The company also termed out its bank debt, which lowered it’s near term repayment obligations significantly. Apart from this, it also sold a portion of its Marcellus gas area for a total of $300 million. This includes $100 million in cash and around 9.5 million shares of Rice Energy at the IPO price worth $200 million. Alpha also made an outstanding return on its investment of around $30 million in cash and contribution of approximately 7,500 acres made to the Alpha Shale Joint Venture.
Continuing with its debt restructuring strategy, it sold some of its non-core assets last year. Although the cash generated from these sales were modest but it helped the company to reduce its liabilities. It mainly includes retirement obligations, which will reduce future cash outflows from its idle properties.
These were some of the debt restructuring strategies that Alpha adopted to reduce its debt and minimize losses. But in spite of these moves the company will have to adopt various initiatives to fuel its top line. And going forward the management expects its prospects to improve as the demand pick up. According to a report, World Steel Association has forecasted a 3.3% increase in 2014 global steel demand, which is a slight improvement from last year’s growth rate. The company is also anticipating an increase in steel demand from the European Union. This demand is expected to grow in 2014 with a forecasted growth rate of 2.1% compared to an estimated decline of 3.8% last year.

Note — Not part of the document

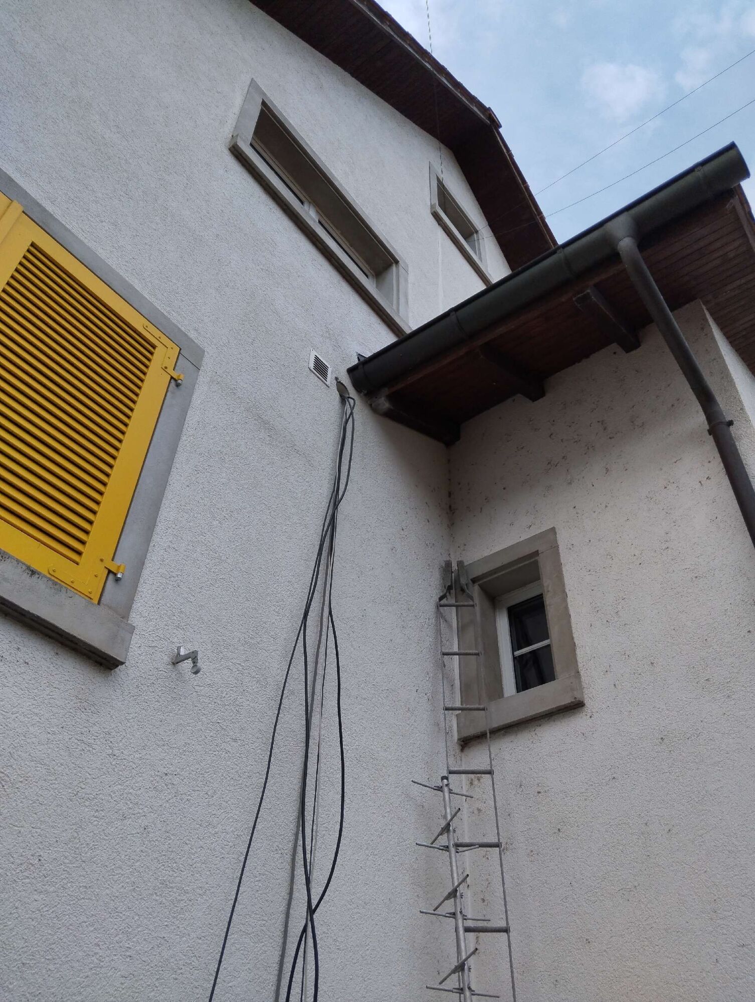 Unser Experte arbeitet in bis zu 10 Metern Höhe, um ein Lüftungsrohr von Wespen zu befreien. Je höher der Einsatzort, desto größer sind die Herausforderungen und Sicherheitsanforderungen. Um ein sicheres Arbeiten zu gewährleisten, nutzt er je nach Gegebenheit eine stabile Leiter oder ein zuverlässiges Gerüst.

Although the demand is expected to improve but the same cannot be said on the supply side as only a few mines are scheduled to come online. According to estimates, total exports in 2014 are estimated to increase by only about 10 million metric tons, of which 6 million tons are from Australia. In addition to this the thermal coal market is also showing signs of improvement.
Because of the coal spills last year the demand has increase and so is the interest in the coal-fired electrical generation. This demand, in turn, is expected to accelerate the drawdown in utility stockpiles across the various regions. Electrical generators and grid operators are also focusing on the role of coal fire generation and are looking to maintain a reliable energy supply. According to the management, the domestic market has strengthened and the company expects to get its share of any additional domestic demand in the markets it serves. And going forward if the demand and supply match we can expect Alpha’s business to improve further.
Currently Alpha is struggling to improve its numbers and strengthen its balance sheet. Its cash position is just $970 million compared to a huge debt of $3.43 billion. But as already mentioned the management has negotiated with its financers and extended the debt maturities. In addition to this to further minimize its debt it has sold it non-core assets and has taken various other initiatives to reduce cost.
These initiatives will help the company to improve its bottom line. Moreover the stock has dipped considerably, which is a good sign for investors as it provides the stock significant room to grow. Hence looking at all the above factors investors can consider adding Alpha Natural Resources to their portfolio.